Every record that follows must be duplicated exactly, with images left out.

#### Input for this task:
=== Begin Enclosure ===
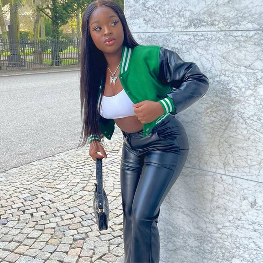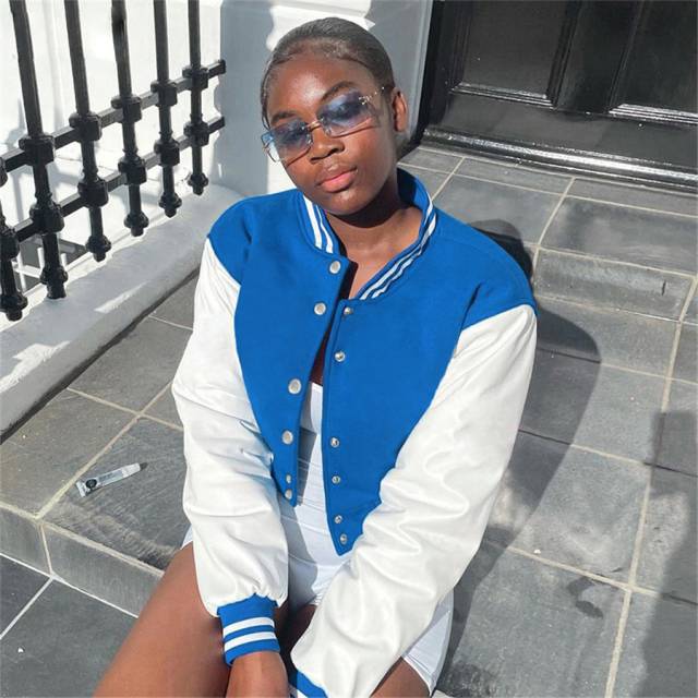 This crop bomber jacket is a great addition to any wardrobe. The two contrasting color options give this jacket a look that is fun and stylish. A simple but stylish button-up style. The polyester and spandex material keeps this jacket lightweight and breathable.
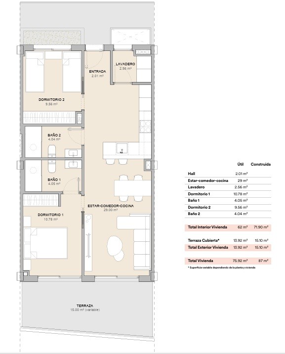 Each home features bright open-plan living spaces, combining the living room, dining area and kitchen to create a comfortable and functional environment. Large windows and sliding doors allow natural light to flood the interiors and connect seamlessly with the outdoor terraces, ideal for enjoying the Mediterranean climate of the Costa Blanca throughout the year.
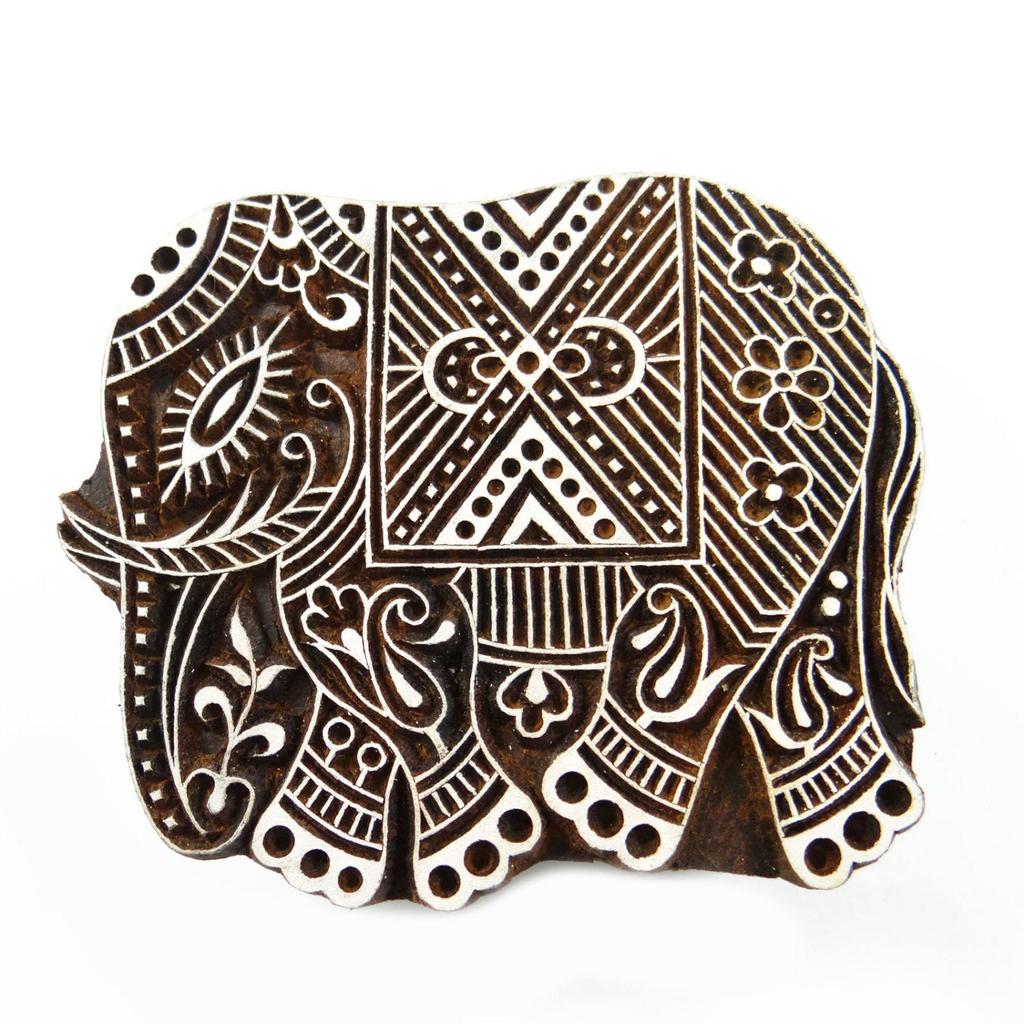 Коричневый ручной резной печатный блок Деревянный текстильный штамп Блок штампа слона
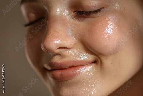 Close-up of young woman's face, eyes closed, gentle smile, natural skin texture, dewy glow, high quality, serene expression, skincare beauty
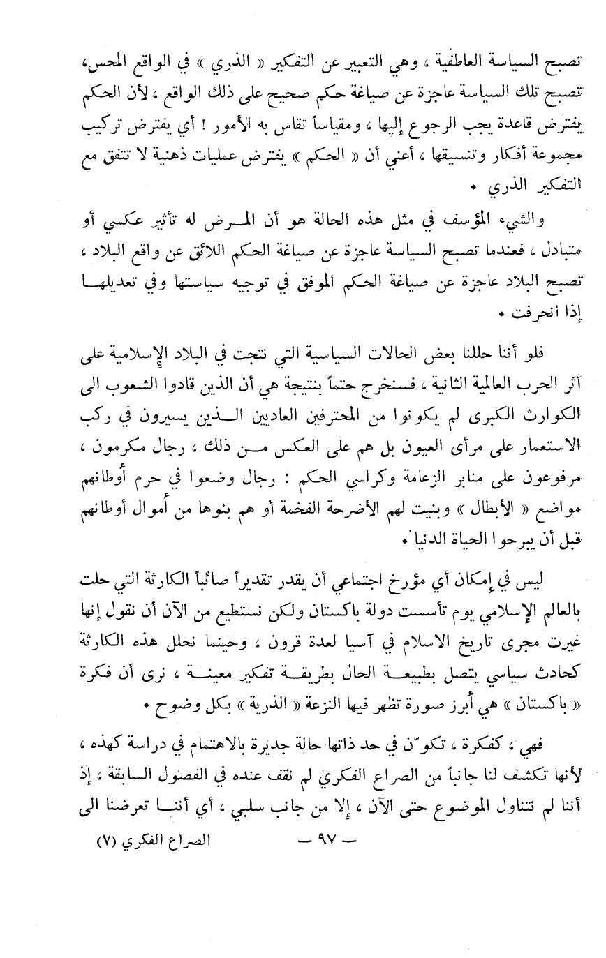 هذه هي الصورة العامة لتجربة معينة خصصنا لها هذا الفصل، كي نبين للقارئ أن الصراع الفكري في البلاد المستعمرة، يجدد بجانب من جوانبه وبصورة ما، الأسطورة الشهيرة التي يصف فيها أفلاطون، بطريقة رمزية الحالة الغريبة التي يكون عليها بعض الناس، حينما يتصورون الواقع، حسبها يصور لهم لا طبقاً لحقيقته؛ فهم يعيشون في نظر الفيلسوف العتيق، في قعر غار، ملتفتين إلى جدرانه قهراً، فلا يرون سوى الأشباح المتحركة عليه دون أن يفكروا أنها الأشخاص يأتون ويذهبون وراء ظهورهم، وأن ناراً أوقدت بين باب الغار وأولئك الأشخاص هي التي تلقي ظلهم في صورة أشباح متحركة على الجدران، ودون أن يشعروا خاصة، أن الحقيقة ليست في تلك الصور الوهمية، ولا في النار التي تصورها لأبصارهم المسحورة، بل هي خارج الغار، في ضوء النهار، تحت الشمس الساطعة ...
=== End Enclosure ===
#### Exercise solution:
 This crop bomber jacket is a great addition to any wardrobe. The two contrasting color options give this jacket a look that is fun and stylish. A simple but stylish button-up style. The polyester and spandex material keeps this jacket lightweight and breathable.
 Each home features bright open-plan living spaces, combining the living room, dining area and kitchen to create a comfortable and functional environment. Large windows and sliding doors allow natural light to flood the interiors and connect seamlessly with the outdoor terraces, ideal for enjoying the Mediterranean climate of the Costa Blanca throughout the year.
 Коричневый ручной резной печатный блок Деревянный текстильный штамп Блок штампа слона
 Close-up of young woman's face, eyes closed, gentle smile, natural skin texture, dewy glow, high quality, serene expression, skincare beauty
 هذه هي الصورة العامة لتجربة معينة خصصنا لها هذا الفصل، كي نبين للقارئ أن الصراع الفكري في البلاد المستعمرة، يجدد بجانب من جوانبه وبصورة ما، الأسطورة الشهيرة التي يصف فيها أفلاطون، بطريقة رمزية الحالة الغريبة التي يكون عليها بعض الناس، حينما يتصورون الواقع، حسبها يصور لهم لا طبقاً لحقيقته؛ فهم يعيشون في نظر الفيلسوف العتيق، في قعر غار، ملتفتين إلى جدرانه قهراً، فلا يرون سوى الأشباح المتحركة عليه دون أن يفكروا أنها الأشخاص يأتون ويذهبون وراء ظهورهم، وأن ناراً أوقدت بين باب الغار وأولئك الأشخاص هي التي تلقي ظلهم في صورة أشباح متحركة على الجدران، ودون أن يشعروا خاصة، أن الحقيقة ليست في تلك الصور الوهمية، ولا في النار التي تصورها لأبصارهم المسحورة، بل هي خارج الغار، في ضوء النهار، تحت الشمس الساطعة ...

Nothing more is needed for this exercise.